Vectorless, reasoning-based RAG that runs in the browser via WASM.

Most retrieval systems split a document into chunks, embed them, and search for whatever looks closest to your question. This one doesn’t. It builds a table of contents, hands that to an LLM, and lets it pick which section to read, the way a person uses an index.

It runs wherever JS does: the browser through WASM, plus Bun, Node, and Cloudflare Workers.

In a browser the PDF is read and the tree is built on the user’s machine. The file is never uploaded. The only thing that leaves is the slice of text the model asked to read, and it goes to your LLM endpoint. See Browser for what that looks like.
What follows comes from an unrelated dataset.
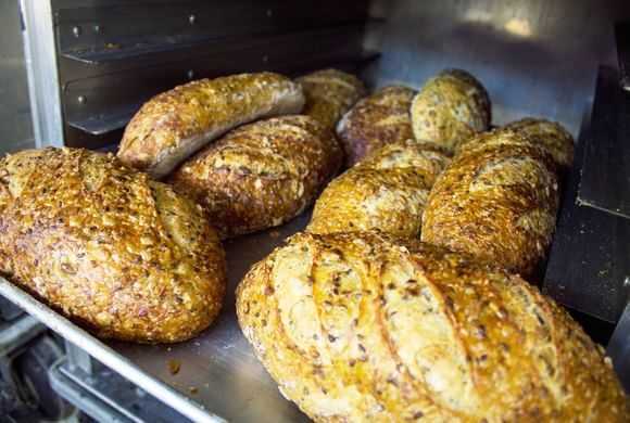 焼きたてのパンがずらりと並べられたパンコーナーを発見。翌日の朝食用にひとついかが?もちろんその場で食べても OK

import { buildIndex, ask } from "vectorless-js";
import { pdfToMarkdown } from "vectorless-js/parse";

const doc = buildIndex(await pdfToMarkdown(bytes), "report.pdf");
const { answer, citations } = await ask(doc, "What was Q1 revenue?", "/api/llm");

How it works

PDF
 |   liteparse, compiled to WASM. Runs on your machine.
 v
markdown
 |   buildIndex: headings become nodes.
 v   Deterministic, no LLM, free.
tree
 |   The only smart part. The model reads the table of
 v   contents and fetches the one section it picks.
answer + citations

A 28-page SEC filing comes to 66 KB of text. The LLM sees 1.6 KB of it: the section titles and the line numbers where they start. It picks a section off that list, then fetches only those lines.

Why vectorless

Chunk and embed This
chunk, embed, similarity search build a tree, let the LLM read it, fetch a section
chunk boundaries cut through context the document’s own sections stay intact
needs a vector database the tree is just JSON
finds text that looks similar finds the section that answers the question
similarity scores citations you can trace back

What it includes

buildIndex builds the tree from Markdown headings. No LLM call, so it is free.
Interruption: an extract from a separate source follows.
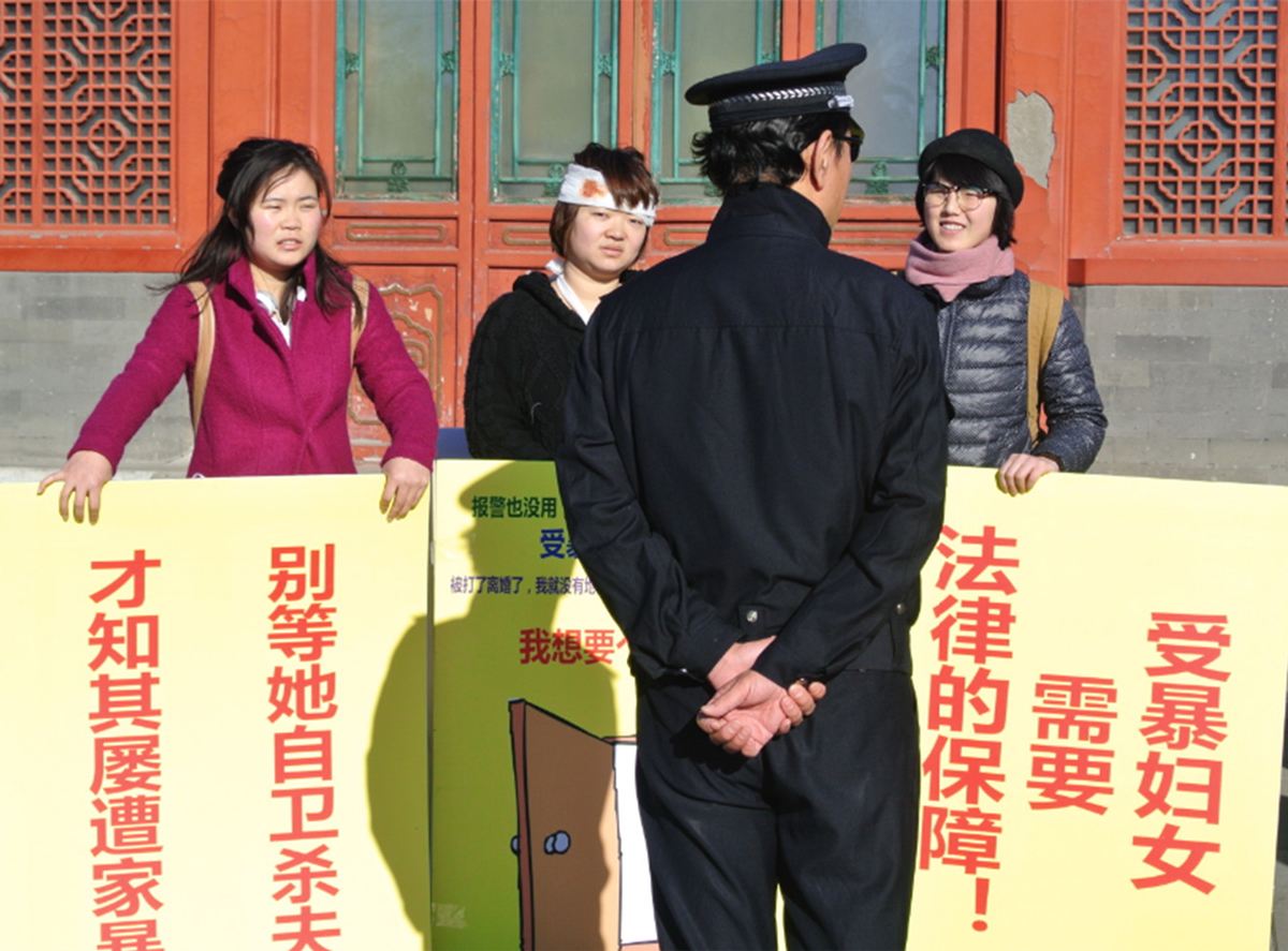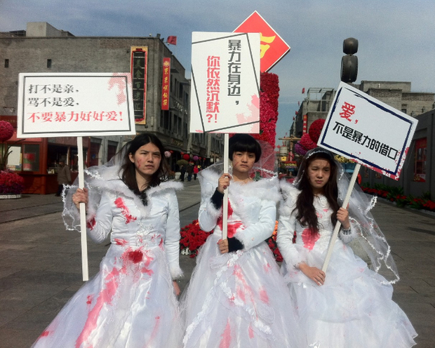 On Valentine’s Day 2012, under the direction of Feminist Voices, a group of young activists organized a public event at the Beijing City Center. The purpose was to call for the passage of anti-domestic violence laws—there were none on the books—and the theme was “injured bride.” Dressed in white wedding gowns with fake blood smeared on the front, women walked through downtown Beijing holding signs that read “Violence Is Not Love” and “Hitting Is Not Intimacy.”

Real documents are less tidy, and buildIndexAuto handles the two ways they go wrong. A PDF may give every heading the same rank, leaving the titles correct and the nesting missing, so an LLM assigns the depths. A contract may have no headings at all, so an LLM infers the outline from the text. Either way the same deterministic builder assembles the tree. How it works walks through both.

Three functions fill the tree out once it exists. addNodeSummaries writes a summary per node, generateDocDescription writes one line for the whole document, and thinTree merges nodes too small to earn their own entry.

ask runs an OpenAI-compatible tool-use loop and hands back an answer plus citations. With more than one document, routeDocuments reads the descriptions and decides which are worth opening, using the same reasoning approach as the rest of the pipeline.